В таких взаимных вызовах чем хуже писатель, тем многоречивее океан. Но, как бы там ни было, при виде убегающей волны все равно возникает гордость. Все, что ни убегает от нас, будь это даже вода – инертная и безжизненная, – преисполняет нас сознанием собственной храбрости. В одном из романов Жюля Сандо[407] мы встречаем тот же скрытый комплекс Суинберна с множеством подробностей: «Когда океан выходил из берегов, Марианне нравилось гнаться за убегавшей волной и наблюдать, как та к ней возвращается. И тогда она, в свою очередь, спасалась бегством… Она убегала, но только очень медленно; ноги ее отступали нехотя и жаждали прикосновения волны»[408]. Порою лишь крики береговой охраны «вырывали ее из объятий валов, готовых пожрать ее». В дальнейшем, нагнетая ощущение опасности, писатель говорит нам, что волна «прыгает на Марианну, как гиена» и «буруны топчут ее грудь». Как видно, у моря бывает и животная, и человеческая ярость.
Итак, перед нами романист, поставивший себе задачей запечатлеть бунт оскорбленной души, неистовой жизнелюбки, которую предала сама жизнь, девушки, уязвленной самой несправедливой из измен, – и писатель для описания такого бунта не находит ничего лучшего, чем обращение к игре ребенка, бросающего вызов океану! И это потому, что образы, владеющие нашим воображением в детстве, властвуют и над всею последующей жизнью. Потому что они, словно сами собой, располагаются по оси драмы человеческого бытия. Буря показывает нам естественные образы страсти. Как с гениально непосредственной выразительностью сказал об этом Новалис: «Буря благоприятствует страсти».
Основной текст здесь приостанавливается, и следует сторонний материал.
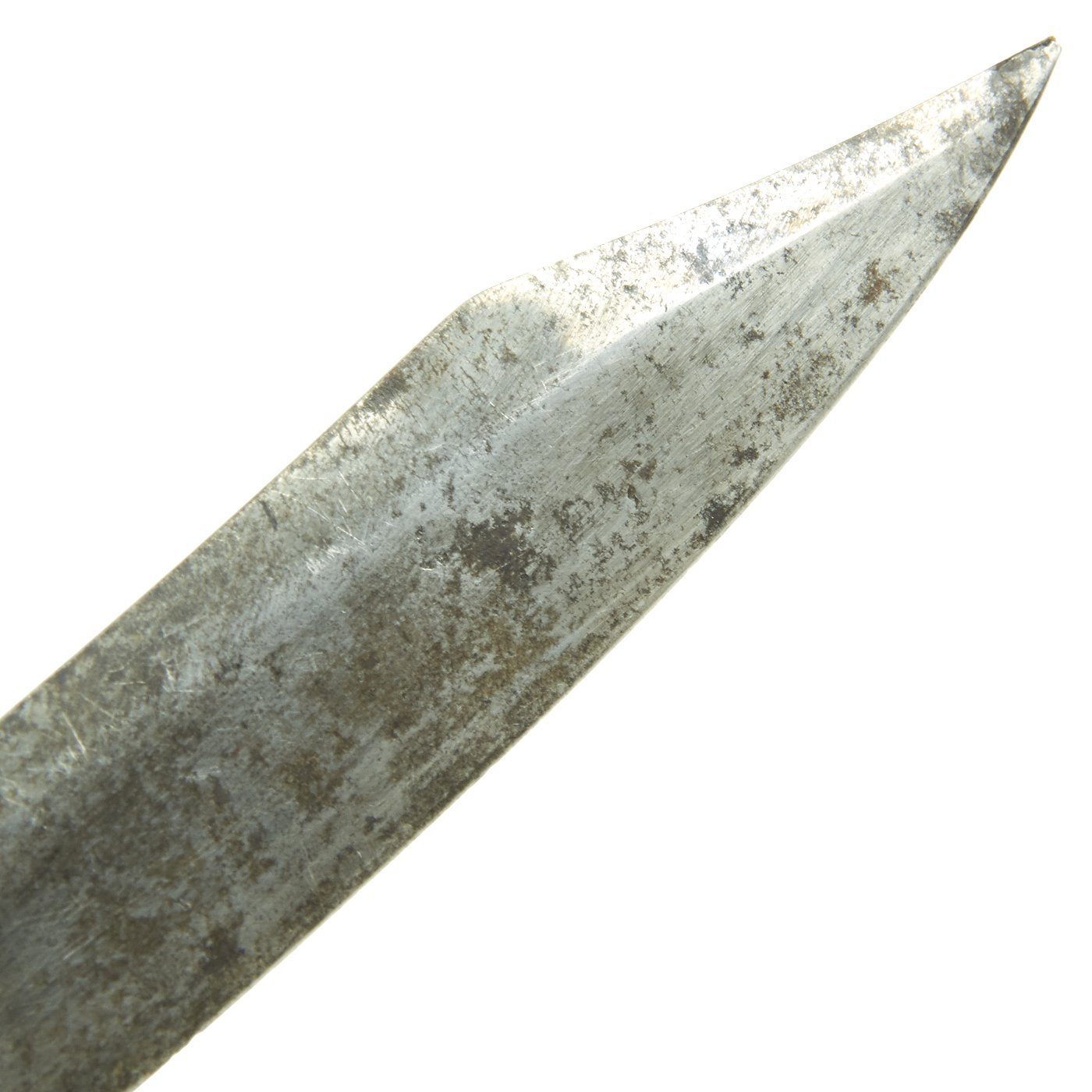 This example features a hefty iron hilt, with a very good condition original leather covered ribbed wooden grip. It even still has the original wire wrapping, as well as the original leather blade buffer against the cross guard. The condition of the leather though leads us to think that it was arsenal refreshed at some point in its life, as looks too good to be 200 years old. This is mated to a 33” long curved unfullered single-edged blade. The blade is curved right out of the hilt, so it has a pronounced forward bow, and the tip has a very pronounced clip point. The blade is about 1 3/8" wide, getting slightly wider at the transition to the point.

Следовательно, когда доходишь до самых корней образности, когда переживаешь образы в их первичной материальности и изначальной силе, то на страницах, несправедливо обвиняемых в напыщенности, можно обнаружить подлинную эмоцию. Как будто бы такая напыщенность – при всей своей приукрашенности – с самого начала не представляет собой словесную бурю, страсть к самовыражению! И потому стоит лишь понять реалистический смысл комплекса Суинберна, как искренность интонации начинаешь ощущать даже на таких страницах: «О тщета страдания! Находясь наедине с морем, Марианна не смирялась при виде этой Великой Безутешной, чьи вечные жалобы выходили из берегов. Девушке казалось, будто она слышит, как некая душа отвечает на рыдания ее души. Между ними установилось какое-то таинственное общение. Когда в бурю волны, бывало, подскакивали от ярости, подобно белым кобылицам, она брела по прибрежному песку, бледная и растрепанная; вдруг начинала кричать, словно Дух Бури, и вопли эти смешивались с рокотом урагана. „Как хорошо, восклицала она, шествуя навстречу пенным бурунам, – хорошо! о ты, истерзанная, как и я, до чего же я люблю тебя!“ И, отдаваясь с угрюмой радостью леденящему прикосновению пены, брызгами которой ветер обдавал ей лицо, она думала, что ее целует сестра по отчаянию»[409].
Нужно ли более настоятельно подчеркивать, какой характер у этой свирепой меланхолии, активной меланхолии, меланхолии, жаждущей снова и снова оскорблять вещи в отместку за оскорбление, нанесенное людьми? Это меланхолия необузданных вод, и она весьма отличается от поэтичной меланхолии вод мертвых.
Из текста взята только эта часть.